Numeri vicini alla realtà
«Grazie a questo sistema di sorveglianza – ha spiegato Walter Ricciardi, presidente dell’Istituto Superiore di Sanità – abbiamo una dimensione molto più vicina alla realtà relativamente al fenomeno della diffusione di questo patogeno nelle corsie ospedaliere. Disponiamo oggi di un’evidenza che ci impone di farne una priorità di salute pubblica e di mettere in campo tutte le risorse disponibili, economiche e non, in tutti gli ospedali per contrastare questo fenomeno: dall’osservazione puntuale del lavaggio delle mani fino all’istituzione di personale sanitario dedicato al controllo delle infezioni e di figure professionali per guidare un appropriato utilizzo di queste molecole. Essenziale resta il contributo delle Regioni – prosegue Ricciardi – nella segnalazione puntuale del fenomeno per avere un quadro sempre più preciso che ci consenta di fare interventi mirati e comprenderne l’efficacia».

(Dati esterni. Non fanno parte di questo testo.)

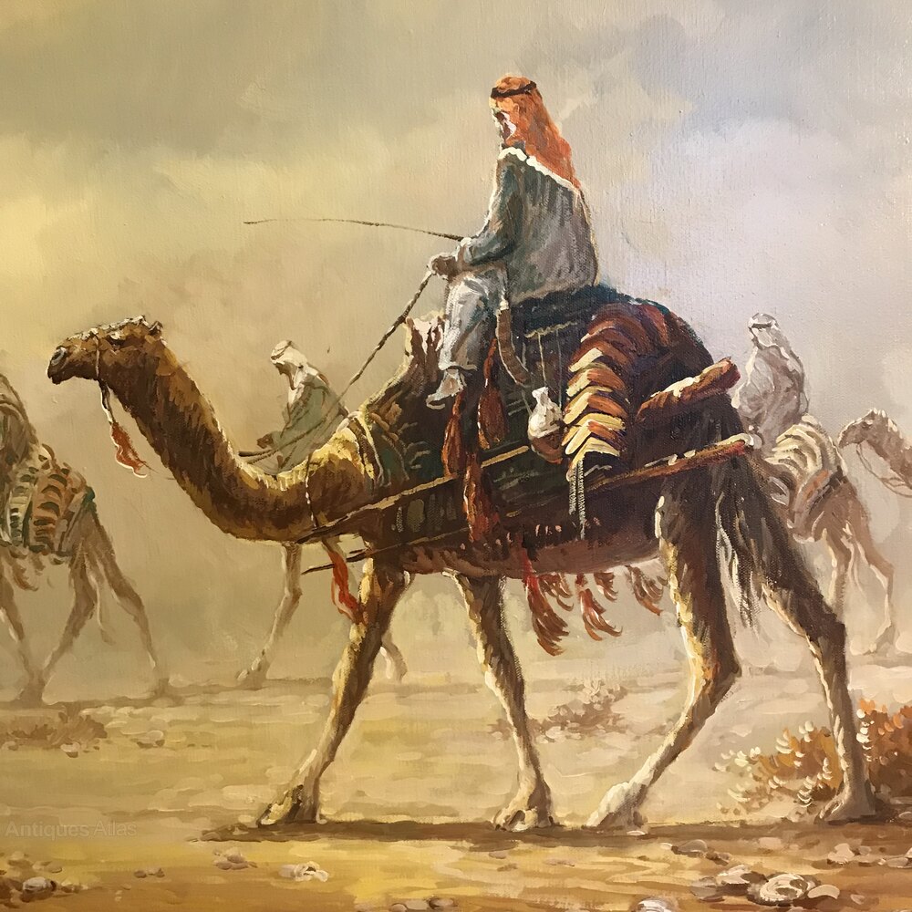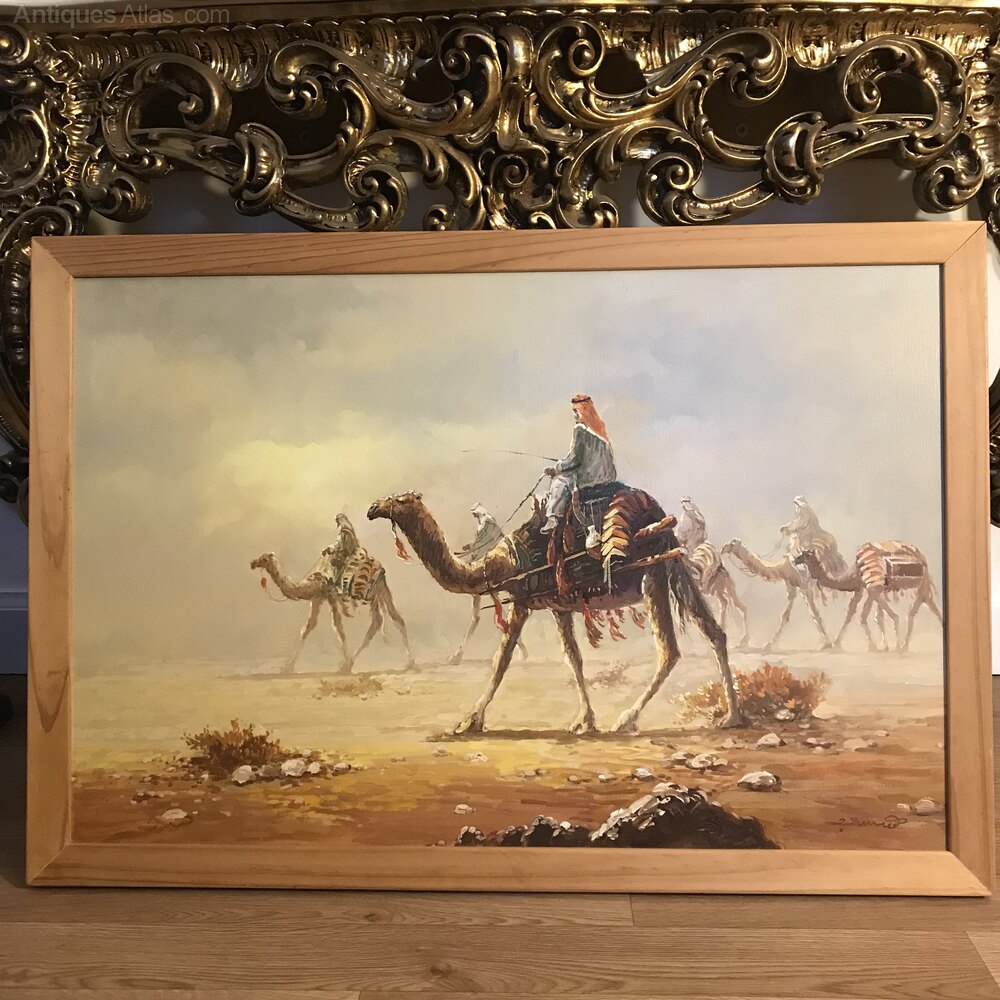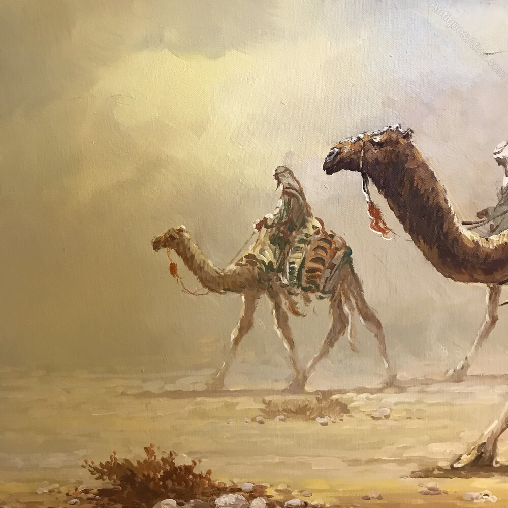 Camels In Desert Landscape Oil Painting Of Bedouin

Quando gli antibiotici mancano
Le infezioni divengono preoccupanti e gravi proprio quando mancano i farmaci per curarle. Questo avviene soprattutto per alcuni tipi di batteri, come gli Enterobatteri resistenti ai carbapenemi – che sono gli antibiotici di ultima risorsa, contro i quali gli antibiotici efficaci sono limitatissimi o mancano del tutto, prosegue la nota del Ministero. In questi casi, un’arma di difesa primaria è l’igiene delle mani, per limitare i contagi. Ma è chiaro che questo non è sufficiente. Tra le infezioni da batteri resistenti, le batteriemie sono di certo quelle più gravi e le più letali.
Le temibili batteriemie
Le gravi batteriemie, nella gran parte dei casi zono causate dal Klebsiella pneumoniae. Questo genere di infezioni resistenti sono ormai divenute un fenomeno drammatico, la cui ampiezza si allarga di giorno in giorno. Tenuto anche conto che i casi di batteriemia sono probabilmente sottostimati, a causa della mancata notificazione da parte di alcune regioni e aree geografiche. La mortalità associata questo batterio è di almeno il 30%. Il Klebsiella pneumoniae, è un batterio che genera un enzima chiamato KPC, ed è causa di infezioni urinarie e polmoniti, oltre alle batteriemie. «La resistenza agli antibiotici carbapenemi – sottolinea la nota del Ministero – è spesso associata a resistenza ad altre classi di antibiotici, compresa la colistina, un vecchio antibiotico rispolverato come rimedio estremo contro questi batteri resistenti a quasi tutti gli antibiotici. Per questo l’OMS ha classificato questi batteri tra quelli critici ad altissima priorità per lo sviluppo di nuovi antibiotici».
Italia iperendemica
Dopo la Grecia, che detiene il primato per l’incidenza delle infezioni resistenti rispetto alle giornate di degenza, l’Italia si piazza al secondo posto. Secondo gli esperti, il nostro è un Paese che può essere considerato ‘iperendemico’, secondo i dati dello studio EuSCAPE, pubblicato su Lancet Infectious Diseases. Lo studio, al quale l’Italia ha partecipato col coordinamento dell’ISS, traccia l’epidemiologia pan-europea di queste infezioni, rivelando che in Europa non siamo di certo tra i più virtuosi in fatto di infezioni e batteriemie. Per difendersi da queste infezioni è bene mantenere una scrupolosa igiene dopo essere stati in una struttura sanitaria o ospedale. Se si è venuti in contatto con persone malate, con oggetti o supellettili o altro è bene lavarsi accuratamente le mani. Altra difesa è mantenere attivo e sano il sistema immunitario ed evitare nel tempo l'abuso di antibiotici che possono predisporre a una resistenza.